Like mine. Keep in mind though the Mods can and will delete anything that they think is inappropriate. Check out my profile and you'll see a few N/A's I was also sent a note by a mod here saying that it would "behoove me" to watch my step. My post was deleted as well.



Just sayin.


Munky.


----------



## taxlady (Aug 26, 2019)

The thank you function sends a private message with a link. I'll send one to your post RMM, so you can see for yourself.


----------



## Cooking Goddess (Aug 27, 2019)

Recipes Make Magic said:


> Please explain how the 'thanks' function works


-If I really like/agree with someone's post, I'll click it.

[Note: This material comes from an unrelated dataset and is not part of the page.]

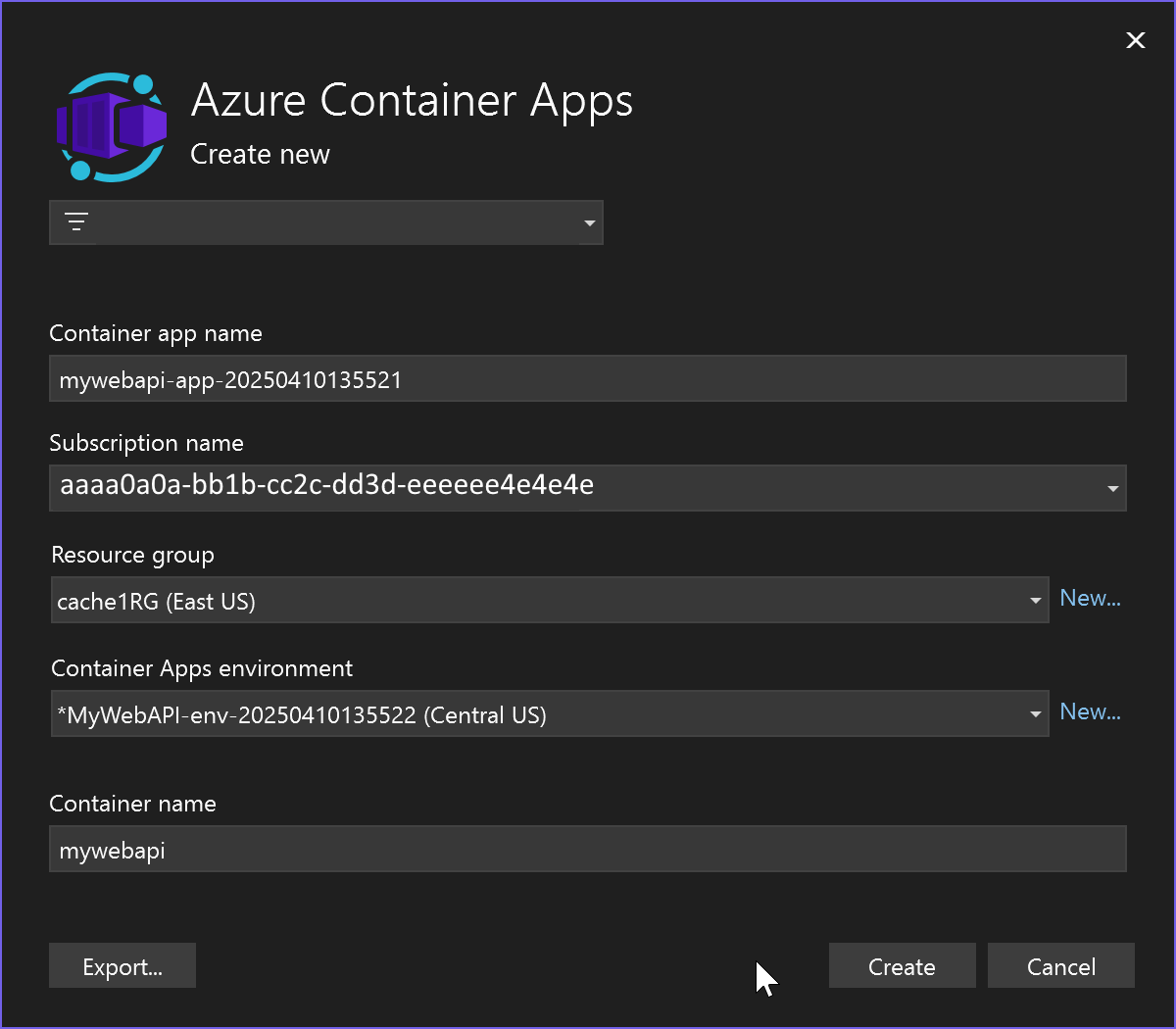 Kies in het scherm Nieuwe Azure-container-app maken dezelfde resourcegroep en dezelfde containeromgeving die u hebt gemaakt bij het publiceren van het web-API-project.

When they look at their "User's Control Panel" page, they can see that I acknowledged their post. 
-If I have a quick comment I want to make to a person, I actually type something into the box that opens up when you first click "Thanks". It's easier than creating a PM. Sometimes, however, that little "Thanks" can result in a lot of PMs flying back and forth! 

Also, as Munky mentions below, sometimes posts can become "N/A" as to which Thread it was posted in when a thread has been cleaned up. Sometimes the deleted posts can occur just because they no longer were germane to the conversation. Sometimes, as Munky mentions, you can get a little reminder by a Mod to be nice.



Chef Munky said:


> ...Keep in mind though the Mods can and will delete anything that they think is inappropriate. Check out my profile and you'll see a few N/A's I was also sent a note by a mod here saying that it would "behoove me" to watch my step. My post was deleted as well...


----------



## skilletlicker (Aug 27, 2019)

Since somebody brought it up, how does anybody know there is a thank you message there to read? I usually discover them accidentally a few months later. With regular PMs, I get an email.


----------



## Cheryl J (Aug 27, 2019)

I get a boxed message in a "you have a new message", or "you have been thanked", that shows up when I go to DC.  I'm always logged in and don't have email notifications, so I don't notice it until I hit on DC in my browser.


----------



## taxlady (Aug 27, 2019)

skilletlicker said:


> Since somebody brought it up, how does anybody know there is a thank you message there to read? I usually discover them accidentally a few months later. With regular PMs, I get an email.



That's odd. I get the exact same kind of email notification for thank yous as for regular PMs. In fact, they say they are PMs.

Are you thinking of profile comments? I haven't seen any way of knowing about those without going to the page that has them. Which reminds me, I'll go check on that when I finish this reply.


----------



## Cheryl J (Aug 27, 2019)

Sending you a "thanks" msg right now for a test, skilletlicker.


----------



## skilletlicker (Aug 28, 2019)

Cheryl J said:


> Sending you a "thanks" msg right now for a test, skilletlicker.



Thanks Cheryl, no clue it was there until I opened the User Control Panel.


----------